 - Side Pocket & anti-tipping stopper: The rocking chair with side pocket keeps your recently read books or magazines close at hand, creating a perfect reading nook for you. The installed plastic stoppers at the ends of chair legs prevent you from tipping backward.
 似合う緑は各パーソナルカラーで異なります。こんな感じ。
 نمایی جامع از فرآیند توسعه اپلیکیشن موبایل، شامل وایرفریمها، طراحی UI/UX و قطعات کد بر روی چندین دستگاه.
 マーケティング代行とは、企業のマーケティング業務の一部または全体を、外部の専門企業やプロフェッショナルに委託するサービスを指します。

==

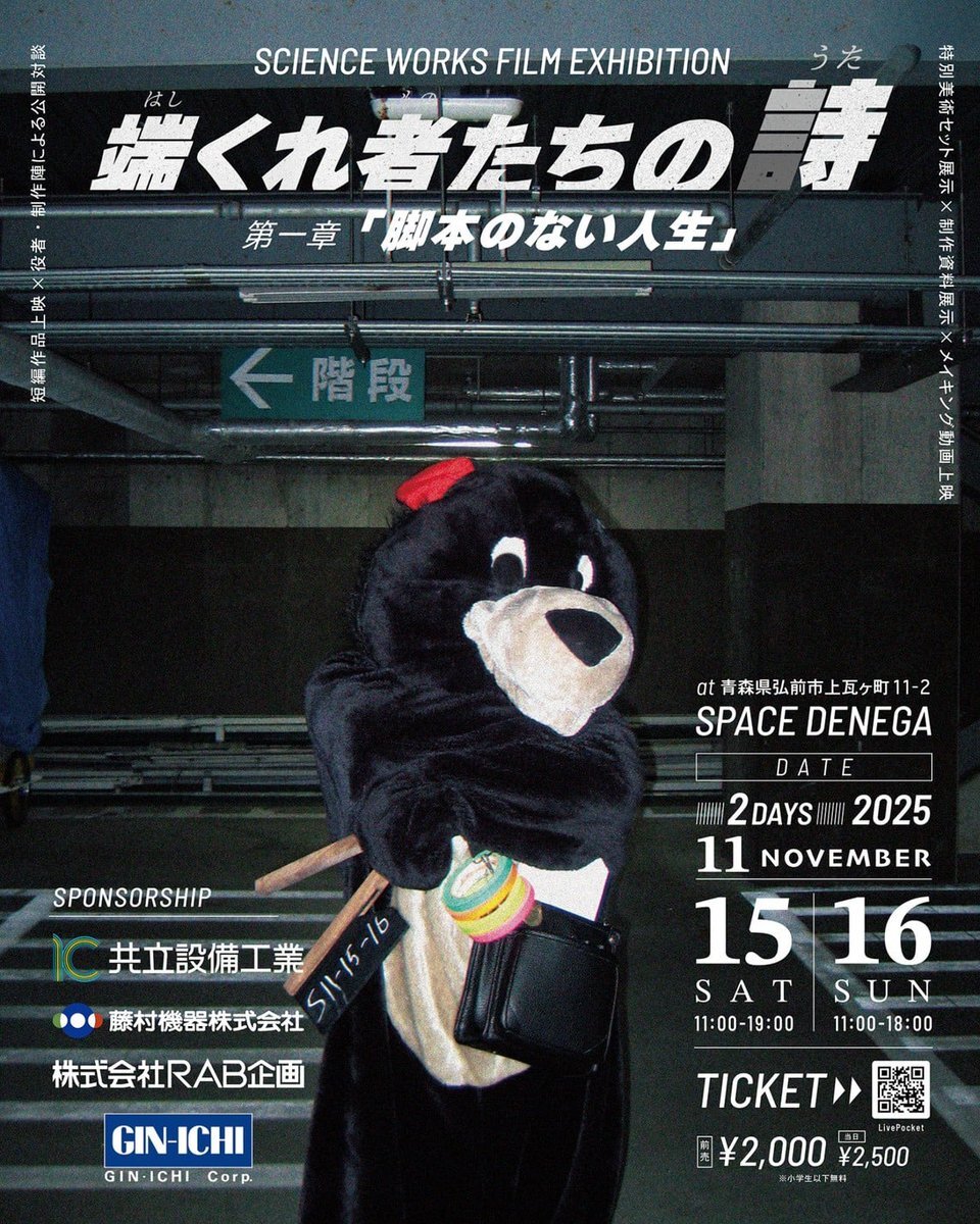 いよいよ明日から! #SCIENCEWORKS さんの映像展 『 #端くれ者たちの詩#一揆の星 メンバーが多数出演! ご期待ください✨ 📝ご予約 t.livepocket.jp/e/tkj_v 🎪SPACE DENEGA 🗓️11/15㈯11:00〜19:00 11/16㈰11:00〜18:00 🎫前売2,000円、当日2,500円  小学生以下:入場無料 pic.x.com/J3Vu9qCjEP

...

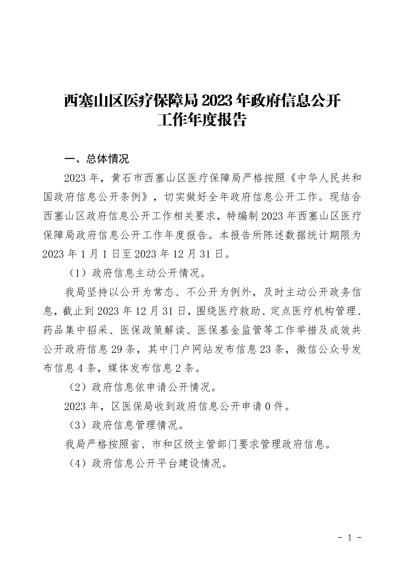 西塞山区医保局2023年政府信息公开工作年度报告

EXERCISE GOAL - Could you restate word for word the lines above, from the one that contains "- Side Pocket" through the one that contains "マーケティング代行とは、企業", and no others?

EXERCISE SOLUTION -
 - Side Pocket & anti-tipping stopper: The rocking chair with side pocket keeps your recently read books or magazines close at hand, creating a perfect reading nook for you. The installed plastic stoppers at the ends of chair legs prevent you from tipping backward.
 似合う緑は各パーソナルカラーで異なります。こんな感じ。
 نمایی جامع از فرآیند توسعه اپلیکیشن موبایل، شامل وایرفریمها، طراحی UI/UX و قطعات کد بر روی چندین دستگاه.
 マーケティング代行とは、企業のマーケティング業務の一部または全体を、外部の専門企業やプロフェッショナルに委託するサービスを指します。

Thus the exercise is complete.